How to complete this task. Repeat, line for line, only the span that opens at the "In Jmix BPM, the" line and closes at the final line below. Skip the pictures.
**** Input data
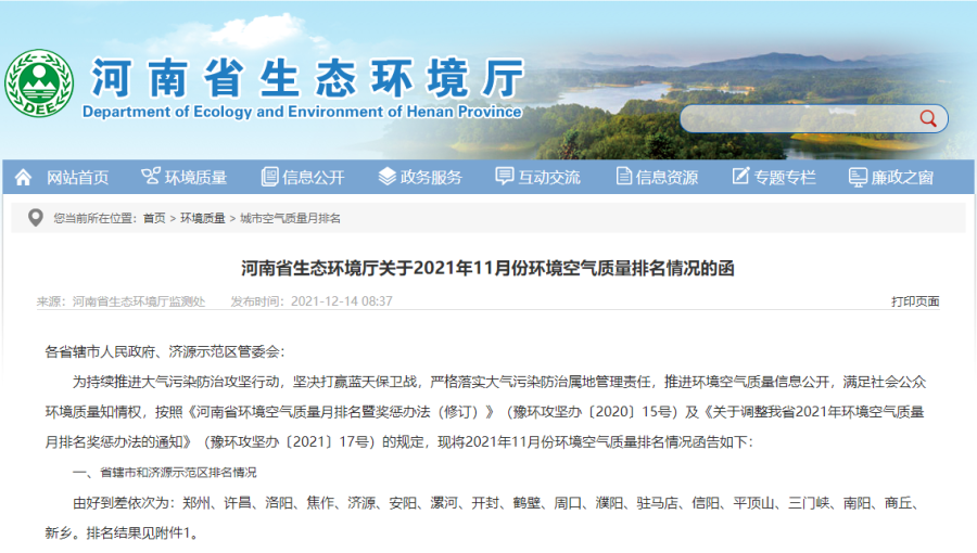 12月14日,正观新闻记者从河南省生态环境厅获悉,2021年11月份全省环境空气质量排名情况已经公布。
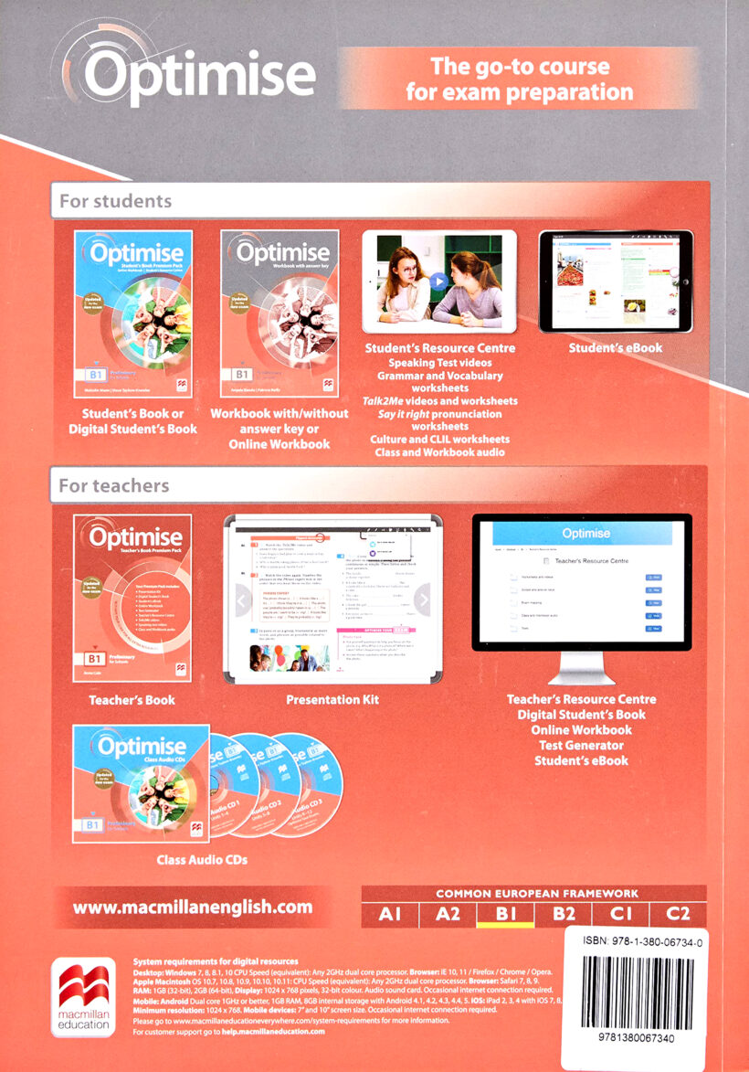 The Workbook (With Answer Key) provides further opportunities to revisit and consolidate the vocabulary, structures and skills students have already encountered in each unit. At the end of every Workbook unit, there is a Progress check. At the end of the Workbook, there is a full Optimise Practice test based on the Cambridge for Schools exam.
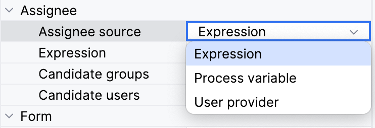 In Jmix BPM, the assignee source refers to the mechanism used to determine which way the user will be selected to be an assignee for a specific user task in a business process. There are three options, how to do that:
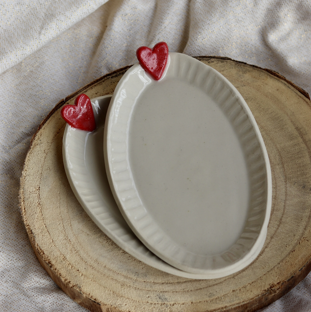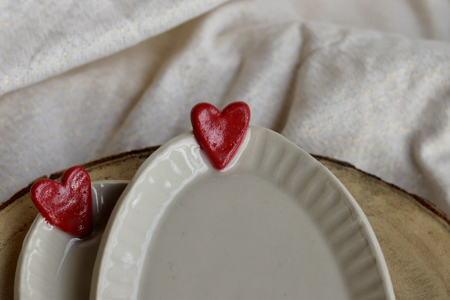 Coupelles en grès avec petit coeur rouge
********
Finished exercise.
 In Jmix BPM, the assignee source refers to the mechanism used to determine which way the user will be selected to be an assignee for a specific user task in a business process. There are three options, how to do that:
 Coupelles en grès avec petit coeur rouge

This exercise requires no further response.